Heating a 2.00g sample of magnesium metal with an excess of pure nitrogen gas produce 2.77g of a compound containing only magnesium and nitrogen. What is the empirical formula for this compound?

xMg + yN2 ==> MgxNy

Convert 2.00 g Mg to mols. mols = g/atomic mass.
g nitrogen = 2.77 - 2.00 = 0.77 g.
Convert 0.77 g nitrogen to mols.
Now determine the ratio of Mg to N.
The easy way to do this is to divide the smaller number of moles by itself which will give exactly 1.000. Then, to keep things equal, divide the other number of mols by that same small number. SMALL difference between the numbers and whole numbers may be rounded to the nearest whole number BUT numbers between 0.25 and 0.75 CAN'T be rounded. In those cases, multiply both numbers by a factor to obtain a whole number and those whole numbers will be the values that go in for x and y in the empirical formula.

To determine the empirical formula of a compound, you need to determine the ratio of the elements present in the compound.
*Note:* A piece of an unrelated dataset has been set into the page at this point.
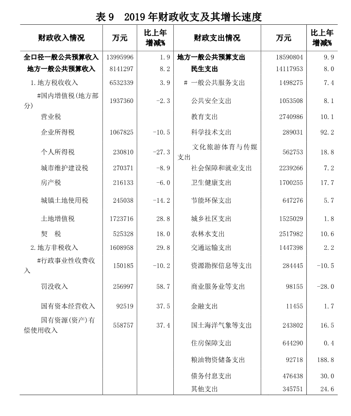 本公报中财政数据来自省财政厅,金融机构存贷款数据来自人行海口中心支行,金融机构效益数据、保险业数据来自中国银保监会海南监管局,上市公司数据来自中国证监会海南监管局,价格、居民收支数据来自海南调查总队,水产品数据来自省农业农村厅,森林、野生动植物、自然保护区数据来自省林业局,货物、旅客运输及周转量、港口吞吐量数据来自省交通厅、粤海铁公司、南航海南公司、海航公司,邮电通信数据来自省邮政管理局、省通信管理局,重点项目来自省发改委,星级宾馆酒店、文化体育等数据来自省旅文厅,对外经济数据来自省商务厅,进出口数据来自海口海关,保障性住房、城镇垃圾处理、建成区绿化覆盖率数据来自省住建厅,城镇污水处理数据来自省水务厅,教育数据来自省教育厅,卫生数据来自省卫健委,社会救助数据来自省民政厅,就业数据来自省人社厅,医疗保险数据来自省医疗保障局,农村扶贫数据来自省扶贫办,科技数据来自省科技厅,环境保护数据来自省生态环境厅,文明生态村数据来自省文明办,安全生产数据来自省应急厅,其他数据来自省统计局。

Here's how you can approach it:

1. Start by finding the moles of each element in the compound.

- Mass of magnesium (Mg) = 2.00g
- Mass of nitrogen (N) = 2.77g - 2.00g = 0.77g

To convert these masses to moles, divide each by their respective molar masses:

- Molar mass of Mg = 24.31 g/mol
- Molar mass of N = 14.01 g/mol

Moles of Mg = 2.00g ÷ 24.31 g/mol = 0.0822 mol
Moles of N = 0.77g ÷ 14.01 g/mol = 0.055 mol

2. Next, find the simplest whole-number ratio of moles by dividing each by the smallest number of moles to get the empirical formula.
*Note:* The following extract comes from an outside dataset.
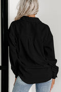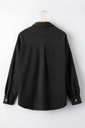 Sale Black Solid Textured Flap Pocket Buttoned Shacket
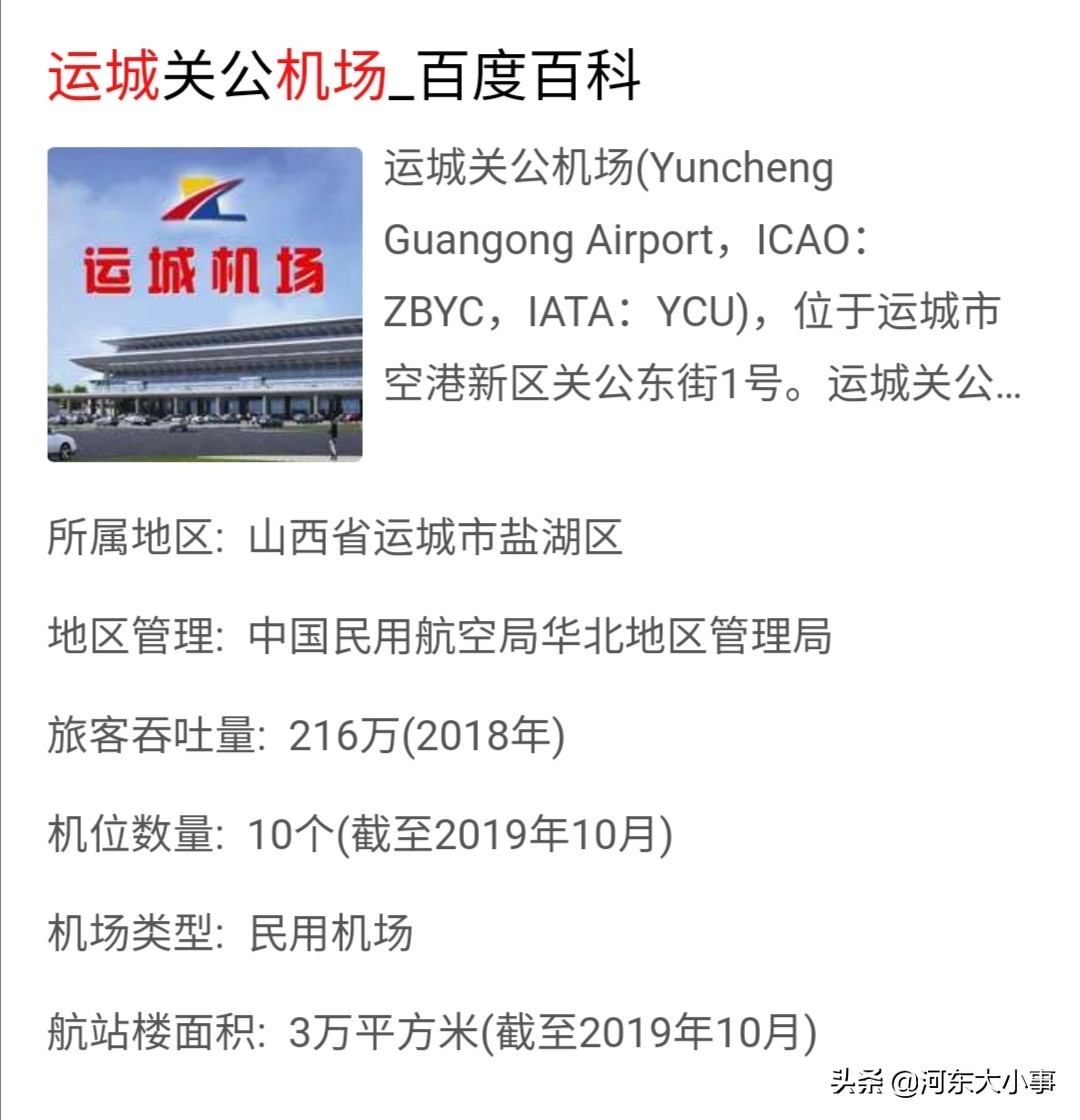 百度百科上的运城关公机场介绍也是错误的。

Divide both moles by 0.055 mol (the smallest):

Moles of Mg = 0.0822 mol ÷ 0.055 mol = 1.49 ≈ 1
Moles of N = 0.055 mol ÷ 0.055 mol = 1

The resulting ratio is 1:1.

3. Finally, write the empirical formula using the found ratio. In this case, the empirical formula would be MgN.

Therefore, the empirical formula for the compound is MgN, which indicates that 1 atom of magnesium is combined with 1 atom of nitrogen.